Excellent results were obtained by using original non linear isotherm models and one should leave the old-fashion linear methods now that one has rapid computers and that performing nonlinear recursion methods are on the market.
The experimental isotherm data were better described by the Brouers-Sotolongo model involving the biosorption of Pb(II) on a heterogeneous surface onto algal biomass particles.
This study shows that a complete set of data is necessary to have a good representation of the isotherm.
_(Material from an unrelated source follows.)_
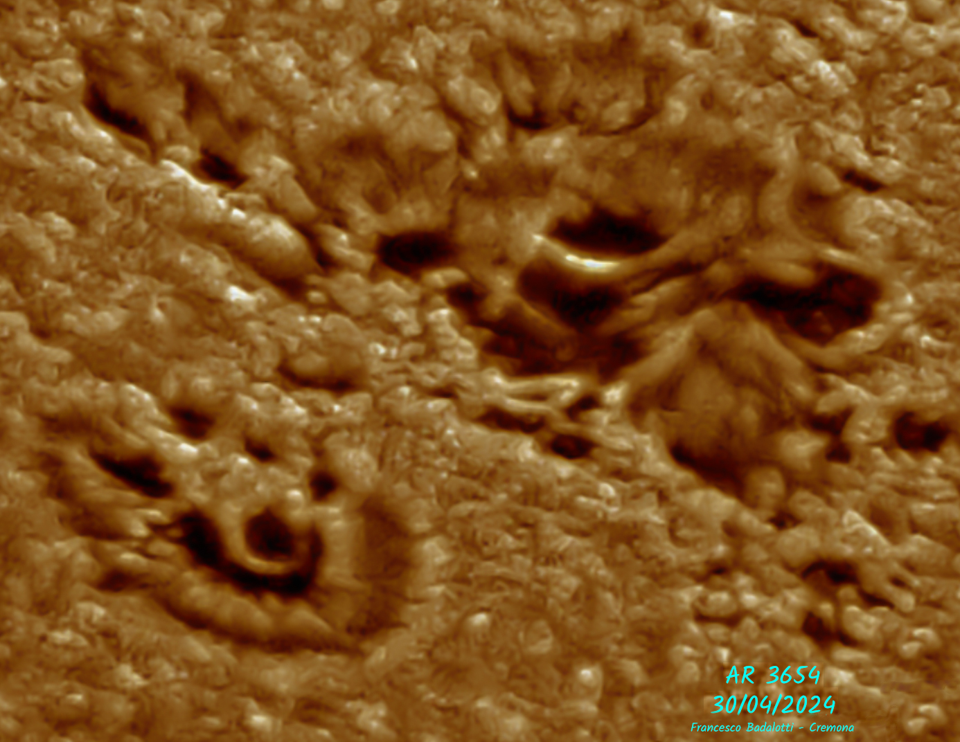Il Sole il 30 Aprile 2024 con una parte del gruppo di macchie della regione solare attiva “AR 3654”. Telescopio Maksutov Rumak 255mm f20 utilizzato a varie focali, filtro a tutta apertura Astrosolar ASTF/280, filtro UV-IR block, camera Cmos Zwo ASI 482MC. Acquisizione video con AsiStudio, elaborazione video e stacking con Autostakkert, elaborazione immagini Astrosurface, Fitswork, Camera Raw, Photoshop. Formato video “Raw8.AVI”, media di 500/5000-6000 frames totali a 90 fps

Using only coefficient of determination is not always an appropriate tool to compare the goodness of the non linear fit of an isotherm models.
Acknowledgments
We would like to express our sincere thanks and deep gratitude to Professor Sarra Gaspard (France) and Professor Mongi Seffen (Tunis) for their useful discussions on the use of the non-linear approach. Special thanks to the Environmental Engineering Department, University of Baghdad, Iraq for supporting this work.